Standing Stone: OS Grid Reference – SE 0080 3261
Whether coming from Hebden Bridge or Oxenhope: at the very top of the long uphill road, at the very top where a small radio station sits by the roadside (the views from here are effing superb!) – stop! On the opposite side of the road from the radio station, get over the fence (I think there’s a gate nearby) and walk roughly westwards down the gently inclining grassland slope. Keep westward-ish for about 200 yards (if that) and you’re damn close!
Archaeology & History
Rediscovered in January 2002, this is a very curious stone, over a metre in height, isolated on the southern edge of Roms Hill, close to the folklore-sounding Halfpenny Hole Clough, near the very top of the hill between Hebden Bridge and Oxenhope. The base of the stone is almost wedged into a space between two rocks and its positioning here seems quite deliberate. It stands upon a small geological ridge in the ground that stretches for some distance, east and west, either side of here.
Despite this, it seems unlikely to have an authentic prehistoric pedigree, but as there’s little else been said of the stone (apart from Dave Shepherd’s (2003) article on local megalithic remains, many of which are highly dubious as archaeological remains), it deserves a mention here. It’s not recorded in any of the old boundary records — unlike the upright boundary stone that can be found a few hundred yards northwest of here on the same moorland plain.

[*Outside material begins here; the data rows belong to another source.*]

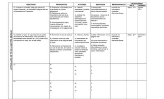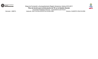 Este documento presenta un plan de acción para articular el uso de las TIC en la gestión escolar de la Institución Educativa Divino Niño en Umbita entre 2010 y 2011. El plan tiene como objetivos orientar a los docentes para que utilicen el correo electrónico y la página web de la Secretaría de Educación, diseñar un plan de capacitación sobre el manejo de TIC para docentes y estudiantes, y subir información a la página web y blogs. Las acciones incluyen talleres, charlas y el intercambio de información por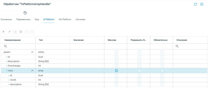 Здесь можно создать локальные переменные обработчика. К локальным переменным с одной стороны есть доступ из бизнес-процессов при отправке объектов во внешнюю систему; локальные переменные также доступны для использования в SQL-коде обработчика на вкладке Код. Вызов переменной в SQL коде: @Идентификатор.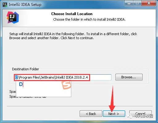 24.选择安装目录,默认安装在 C:\Program Files\JetBrains\IntelliJ IDEA 2018.2.4(建议安装在除C盘以外的磁盘上,可以直接将C改成D,安装到D盘),然后点击“Next”

The land here has an etymological relationship with the Roms Law (or Grubstones) Circle on Rombald’s Moor, but as yet we can ascertain little more about this site. Well worth a visit — if only for the superb views it affords!
References:
- Shepherd, David, “Prehistoric Activity in the Central Pennines,” in Transactions of the Halifax Antiquarian Society, volume 11 New Series, 2003.